Sens. Josh Hawley (Mo.), Ted Cruz (Texas) and Marco Rubio (Fla.) are emerging as new champions of conservative populism at a time when many Republicans think former President Trump’s control of the party has ended.
Trump touted a new brand of Republican populism that appealed to many voters during the 2016 presidential election. While his popularity with Republican voters is on the decline, this group of conservatives is embracing the populism that worked so well for Trump in 2016.
Hawley has been at the forefront of the push to remake the Republicans from the party of corporate executives to the party of working men and women. “The Republican Party wants to be a party of the working class. […].
It is not the first time that Hawley has called on his party to engage workers more directly. He doubled down on that effort by calling for a change in leadership and voting against Sen. Mitch McConnell (Ky.), who is serving another term as Senate Republican leader.
“The old Republican Party is dead,” Hawley declared, arguing that it is time for Republicans to “forge something new, a party that truly represents the cultural backbone of this nation: working America.”
Ted Cruz, for his part, said: “I think one of the most important political changes of the last decade is that the Republicans have become a labor party.
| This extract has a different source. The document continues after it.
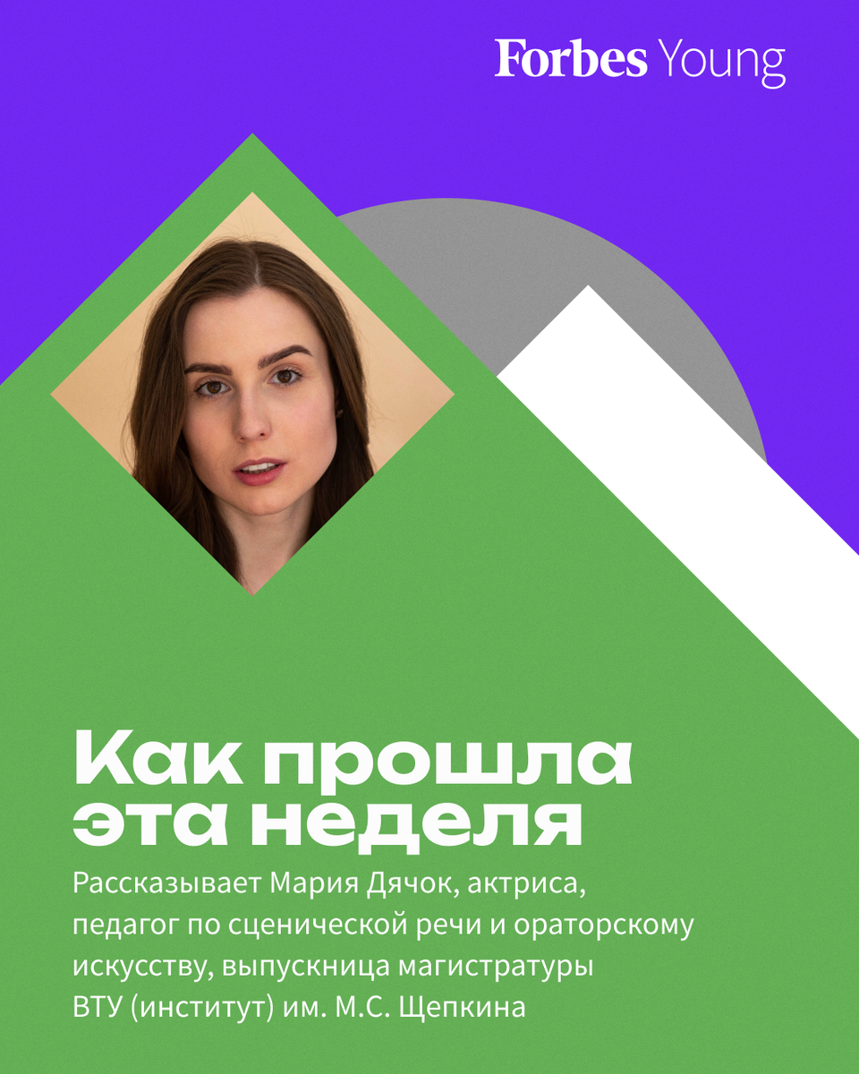 Сегодня в рубрике «Как прошла эта неделя» о своей жизни рассказывает 22-летняя актриса, педагог по сценической речи и ораторскому искусству Мария Дячок. Как прошла твоя неделя? Были кинопробы. Встречалась с потенциальными партнерами моего небольшого бизнеса. Чем ты занимаешься? Снимаюсь в фильмах и сериалах. Веду индивидуальные занятия по ораторскому искусству. Также у меня есть киношкола для детей и подростков. С чего начался твой путь в профессию? Я занималась в детской студии при театре. В девятом классе меня заметил мастер нашего саратовского театрального института и предложил через год поступать к нему в мастерскую. Окончила школу экстерном — и в 16 лет поступала в театральные институты Москвы, Питера, Саратова и Ярославля (в каждом вузе по пять-семь вступительных туров). В итоге выбрала учебу в Москве. Что самое крутое и что самое тяжелое в твоей работе? В актерской профессии есть творческое самовыражение и катарсис. Я позволяю себе гораздо больше, чем в жизни, глубже

We are the party of working men and women. We are the party of truckers and steel workers. And we are the party of the workers of the railway union”.
Marco Rubio also announced his alignment with the rail workers early last week. “I will not vote for any deal that does not have the support of rail workers,” he said, adding: “Wall Street’s drive for efficiency has turned rail workers into little more than lines on a spreadsheet.” .
The proposal to give workers more paid sick days ended eight votes short of approval: 52 to 43. Sen. Mike Braun (R-Ind.), who plans to run for governor of Indiana, and Sens. John Kennedy (R-La.) and Lindsey Graham (RS.C.), a close Trump ally, also voted in favor.
The Senate was widely expected to vote to impose a labor agreement on rail workers to avoid a nationwide strike after the House voted overwhelmingly in favor of the measure, 290 to 137, on Wednesday. And he did, passing the measure 80-15.
Rubio then criticized his colleagues who voted overwhelmingly to force rail workers to accept a tentative labor agreement negotiated by the Biden administration that four unions had rejected.
“This is hard work. So, are we going to make life even more unpleasant? Are we going to send a message that once again those hardworking people who work with their hands in difficult conditions are going to get screwed? he said.
But rising conservative stars see in that speech the future of the Republican Party at a time when more working-class voters are voting for Republican candidates and more college-educated voters are voting for Democrats.